Emmys 2017: Why Thandie Newton should win Outstanding Supporting Actress


Thandie Newton’s Maeve went through a powerful journey on the first season of Westworld, and she should win an Emmy for Outstanding Supporting Actress.

Note: In this defense for Thandie Newton to win at this year’s Emmys for her work in Westworld, we do spoil the first season. Read at your own risk!

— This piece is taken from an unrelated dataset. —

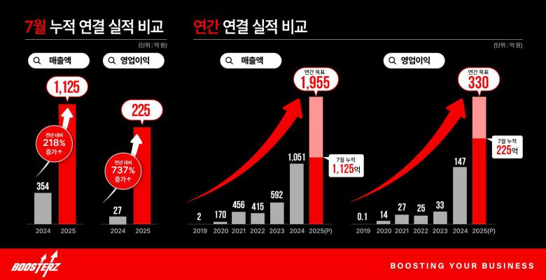 부스터즈는 올해 7월 결산 기준 누적 연결매출 1,125억 원, 영업이익 225억 원을 달성했다. 매출은 전년 동기 대비 약 771억 원(218%) 증가했으며, 영업이익 역시 약 198억 원(737%) 증가한 것으로 나타났다. 이로써 부스터즈는 7개월 만에 창사 이래 최대 실적이었던 지난해 연간 실적을 넘어섰고(매출 1,051억 원, 영업이익 147억 원) 영업이익 역시 연간 누적 최대 실적 달성으로 올해 목표초과 달성도 가능할 것으로 기대하고 있다.

The Outstanding Supporting Actress in a Drama category for this year’s Emmys has a seriously difficult field. From The Handmaid’s Tale‘s double entry of Samira Wiley (Moira) and Ann Dowd (Aunt Lydia), to This is Us‘ Chrissy Metz (Kate), to Uzo Aduba (Suzanne “Crazy Eyes”) for Orange is the New Black, to Millie Bobby Brown’s work as Eleven in Stranger Things, these actresses put in some serious work.

But although Dowd has an antagonistic role, much like Thandie Newton’s Maeve takes on through the first season of Westworld, it’s hard not to appreciate the emotional complexity that Newton had to work through, especially in the latter parts of the season. Like Evan Rachel Wood’s character, Dolores, Maeve actually learns the secret of her existence: she’s a host, not a human being as she believed.

Instead of staying, though, she leaves at the end of the season to find her daughter as a host. That powerful familial bond, artificial though it may be, comes through in Newton’s facial expressions. Over the course of the season, we see more and more layers of Maeve, and Newton makes her, at points, more compelling than even Dolores and Teddy.

That’s probably the point … and besides, Maeve gets to wear brighter, more interesting colors, since she plays a madam at Westworld’s town brothel. Hey, wearing cool costumes also takes acting skills!

Next: Emmys 2017: Master of None deserves the Outstanding Comedy Series win

Really, it’s easy to see how any of these actresses could take home the Emmy when the Academy of Television Arts & Sciences hands the statuettes out next week Sunday, Sept. 17, but Newton has a very compelling point in her favor: she’s in the most “prestige” of the genre shows here, aided by HBO’s big budget for the production, and the voters might very well want to reward HBO for doing something not named Game of Thrones while they can.